Damals waren die rund 500 prächtigen Kirchen und Klöster Nordzyperns noch besser erhalten. Einige sind schon mehr als 1.000 Jahre alt, Zeugen einer großen byzantinisch-christlichen Vergangenheit. Einst waren die Stätten voller Fresken und Wandmalereien, hatten imposante Kuppeldächer und Bodenmosaike. Heute zerfallen sie unrettbar zu Staub, weil niemand sich um sie kümmert.

"Alle Kulturerbestätten leiden, egal welcher Ethnie sie gehören"

Priester Savvas steht auf dem Boden der "Türkischen Republik Nordzypern", jenem Staatengebilde, das nur von der Türkei anerkannt wird. Ein paar Hundert orthodoxe und maronitische Christen leben heute noch zwischen der muslimischen Bevölkerung, die zum Teil aus Anatolien eingewandert ist. Die meisten Christen waren nach der Besatzung in den griechisch orientierten Süden geflüchtet. Dort wohnen sie bis heute, weit weg von den religiösen Stätten ihrer Vorfahren.

Die Emotionen kochen immer noch hoch, wenn die Südzyprer an diese Orte denken. "Eine Schande!" schimpft etwa Eleni Theocharous. Die resolute blonde Frau ist zyprische Abgeordnete im Europaparlament. Sie besitzt Fotos von Kirchen, die nicht einfach nur verfallen sind. Einige liegen in militärischem Sperrgebiet, einige werden als Tierställe oder sogar Casinos benutzt. "Eine Menschenrechtsverletzung", sagt Theocharous und schaut herausfordernd.

Priester Savvas vor der Ruine des Klosters Sankt Panteleimon in der Naehe von Karpasha in Nordzypern.

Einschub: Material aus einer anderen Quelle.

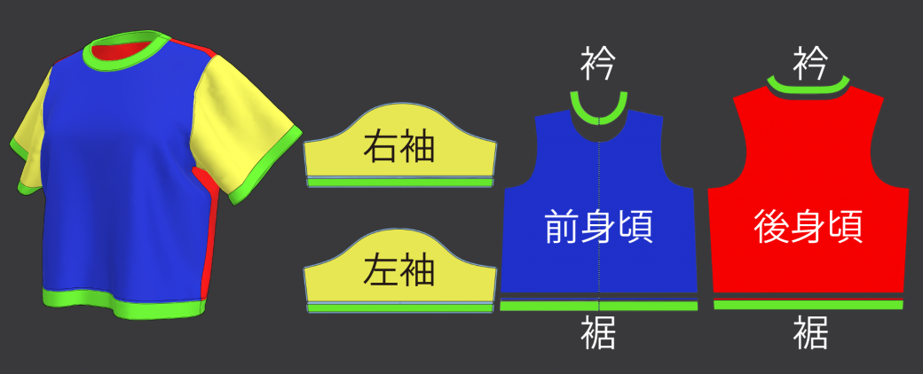 各パーツの名称、身頃、アームホール、ダーツ、縫い代など

Hülya Yüceer hingegen, eine Architektin aus dem nordzyprischen Famagusta, verweist in einer wissenschaftlichen Arbeit auf die internationale Isoliertheit Nordzyperns und die schwierige wirtschaftliche Situation. "Alle Kulturerbestätten leiden, egal welcher Ethnie sie gehören", meint sie. Fachkundige Hilfe aus dem Ausland kommt generell nur sporadisch ins Land, ein kultureller Dialog zwischen beiden Seiten hat bisher nicht viel gebracht.

In der Nähe des verfallenen Klosters Panteleimon liegt Karpasha, ein in jeder Hinsicht bemerkenswerter Ort. Karpasha hat 20 maronitische Einwohner, die ihre Heimat nicht verlassen wollten. Sie werden als "Enklaven-Bewohner" bezeichnet. Sie haben mehr Rechte als früher, ihr Leben ist aber immer noch schwierig. Mit im Ort wohnen 18 Soldatenfamilien, die in die Häuser geflüchteter Christen eingezogen sind.

Heute haben sich in Karpasha viele Maroniten versammelt, deren Kirche sich im 5. Jahrhundert im Nahen Osten gründete und den Papst als Oberhaupt ansieht. Sie begrüßen Priester Savvas und seine Begleiter bei Kaffee und Gebäck. Es sind herzliche, gastfreundliche Menschen, einige schon sehr alt. Sie freuen sich über den Trubel, den der Besuch verursacht. Karpasha ist kein armes Dorf, aber seine Straßen und Plätze liegen wie ausgestorben da.

"Noch ein paar Jahre, und unsere Kultur löst sich in Luft auf"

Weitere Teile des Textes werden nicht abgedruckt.